Вижу вас, божественные дали,
Умбрских гор синеющий кристалл!..

То же можно сказать и о мотивах греческого пейзажа (вспомним хотя бы «ясногранный» Парнас из «Сердца Диониса»). Но ведь не намного иным предстает в стихах Вячеслава Иванова и русский ландшафт. Отдельные составные части мирового целого – небо, земля и море, грани горы и гладь долины, «синий бор» и «черная могила» – неизменно приобретают у него отчетливость геральдической эмблемы. Мир Иванова именно геральдичен: каждая вещь своим резко прочерченным контуром и своим ярким, беспримесно чистым цветом говорит, как египетский иероглиф, о своем «значении» – об идеальной смысловой схеме самой себя.

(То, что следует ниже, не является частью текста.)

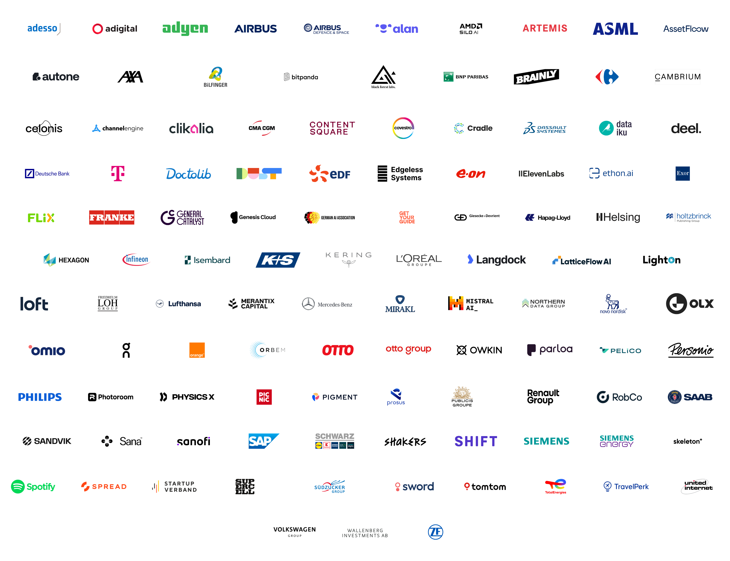 The current supporters of the EU AI Champions Initiative represent over 110+ organizations, $3+ trillion in public market cap, and over 3.7M jobs across Europe—and that list is growing. All participating companies are united in showing strong leadership in AI.

В таком мире нет места ни блоковским вьюгам, ни пастернаковским ливням. Заметно, что динамике глаголов Вячеслав Иванов отводит куда более скромную роль, чем статике существительных. Существительные призваны явить читателю свою «существенность», свою, так сказать, «существительность», неподвижную, как идеи Платона, неизменную, как «кормчие звезды». Один из способов это делать – возведение существительного как бы в квадрат: «день денниц», «небеса небес», «око очей», даже «солнце – сердце солнц-сердец».
Другой способ – сопряжение существительного с однокорневым ему глаголом, как бы удостоверяющее тождество корня самому себе: «бледностью бледнеют», «громовник не громыхает», «когтьми когтит», «клювом клюет».

Если Шеллинг построил в свое время «философию тождества», то близкий ему по строю идеалистической мысли Вячеслав Иванов выработал то, что можно было бы назвать поэтикой тождества. Между его платонизирующим мировоззрением, структурой его образов и фактурой его стиха прослеживается строгое соответствие.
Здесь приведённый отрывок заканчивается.